Fudan shames cheating scholars

By Wang Hongyi (China Daily)
Updated: 2007-12-25 07:02

SHANGHAI: Fudan University has publicly shamed nine teachers and students for their involvement in three separate cases of plagiarism, a first in the school's history.

The Scholarly Standard Committee released a circular detailing their misdeeds and punishment on the university's website. The unprecedented move triggered heated discussion on campus.

Three professors, four lecturers, one doctorate student and a post-graduate student were named and publicly reprimanded.

One instance of plagiarism came to light after the book "Academic & Technical Writing for Graduate Students" was published last year by the Fudan University Press. The book's authors - Lu Xiaoyong, a professor at the university's Foreign Language and Literature College, and four other young teachers with whom he worked - were found to have copied long passages from books that had been published aboard.

And Liu Hongjian, a postdoctoral student at the Eye, Ear, Nose and Throat Hospital at Fudan University, was found to have used fake pictures and plagiarized in an article that he co-authored with his tutor, Chi Lufang.
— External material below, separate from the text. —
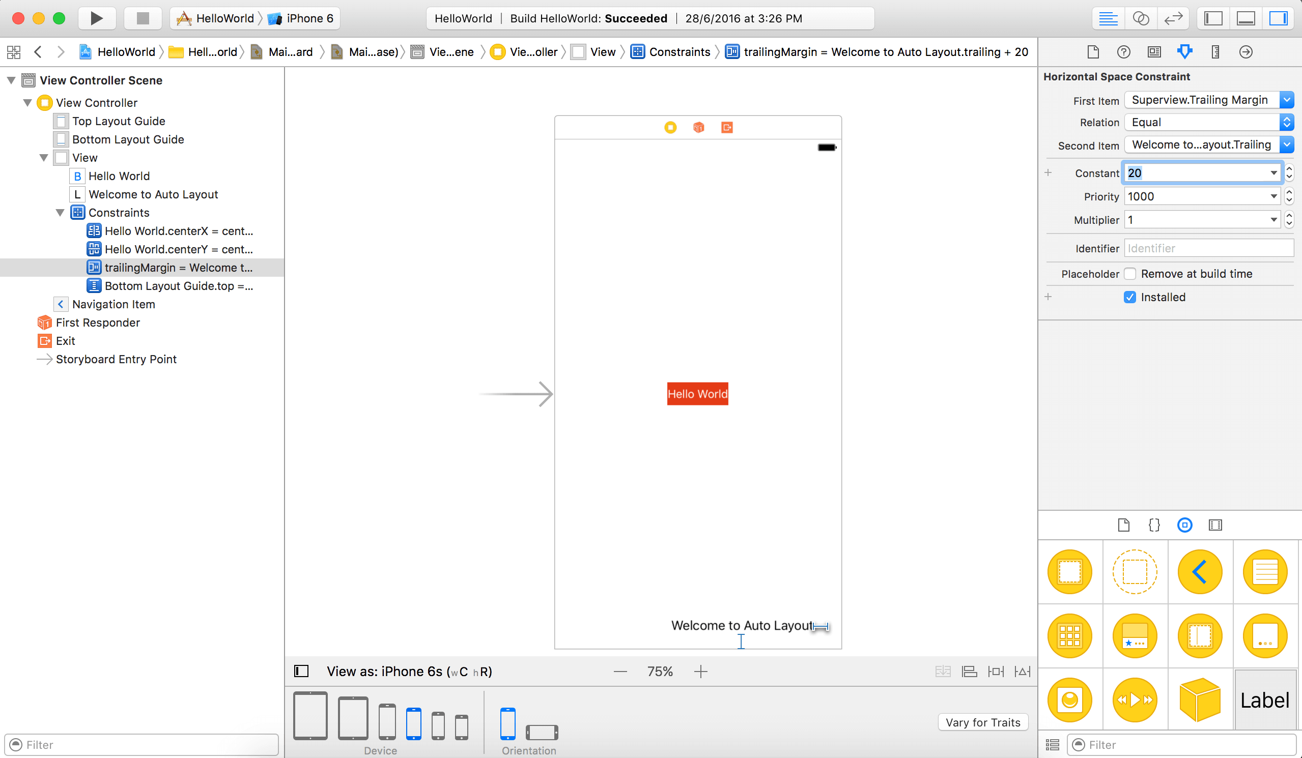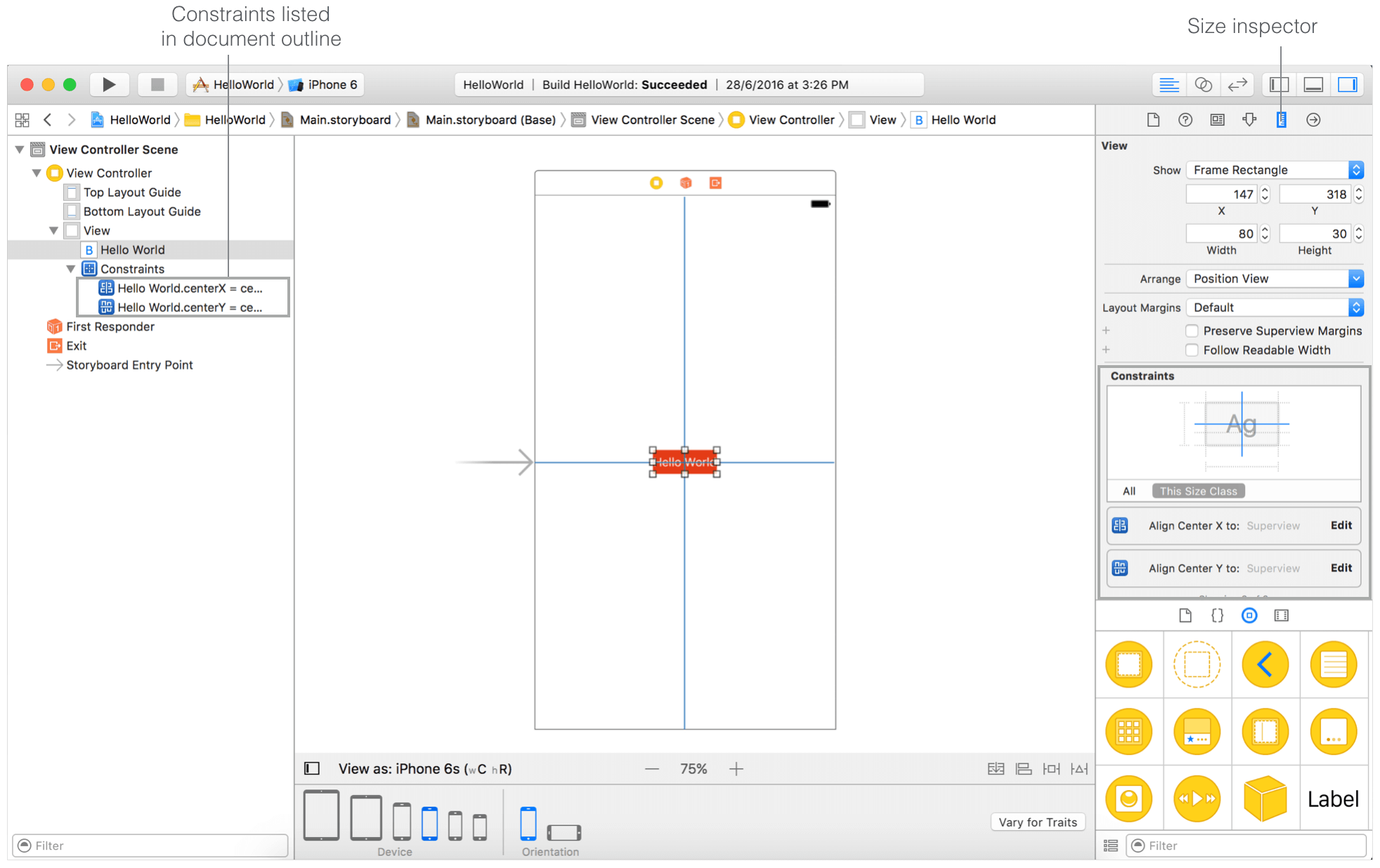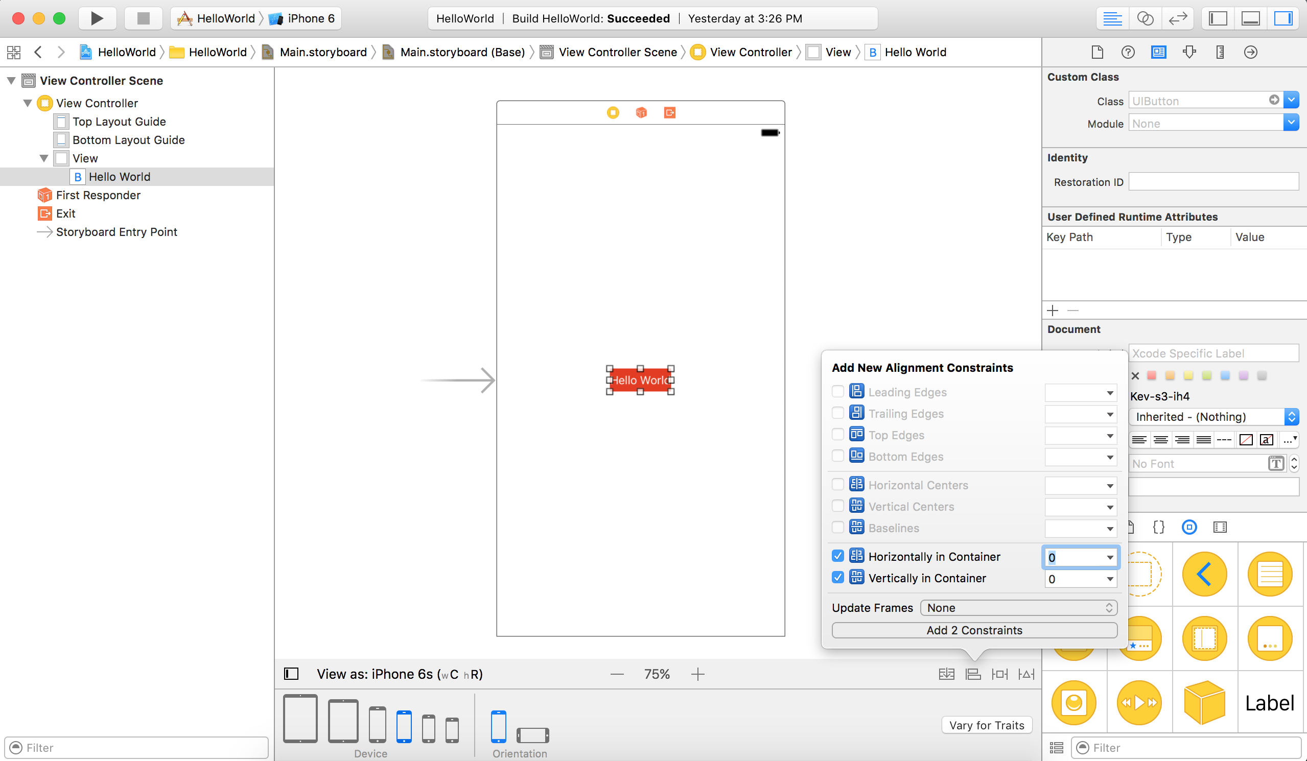 好了,auto layout的基本知识差不多够了,现在来看看在Interface Builder中如何定义处于中心位置“Hello World”按钮的约束。

Chi said he was unaware that any plagiarism had taken place, but was still asked to submit a letter criticizing himself for the lapse in supervision. He is also barred from recruiting students for two years.

In a third case, Ye Wei, a post-graduate student applying for a doctorate degree at the university's School of Information Science and Engineering, was found have copied the work of others in two papers. His tutor, Gu Ning, was also held responsible for dereliction, according to the announcement.

Ye was expelled, and Gu received a two-year recruitment ban. He was also asked to resign from his post as deputy director of the school.

"The purpose of releasing the announcement publicly is to emphasize our high academic standards. Self-disciplinary action is an important way to prevent academic misconduct," the circular said.

The Internet has made it hard for plagiarists to hide their misconduct as two of the cases were uncovered by netizens, it said.

"It is good to see that concrete action has been taken," a student at Fudan University who declined to give his name said.

"Academic misconduct at universities and research institutes should be consciously resisted, and this time Fudan University has sounded the alarm against plagiarists," Zhuang Jun, a doctoral candidate at Shanghai Jiaotong University, said.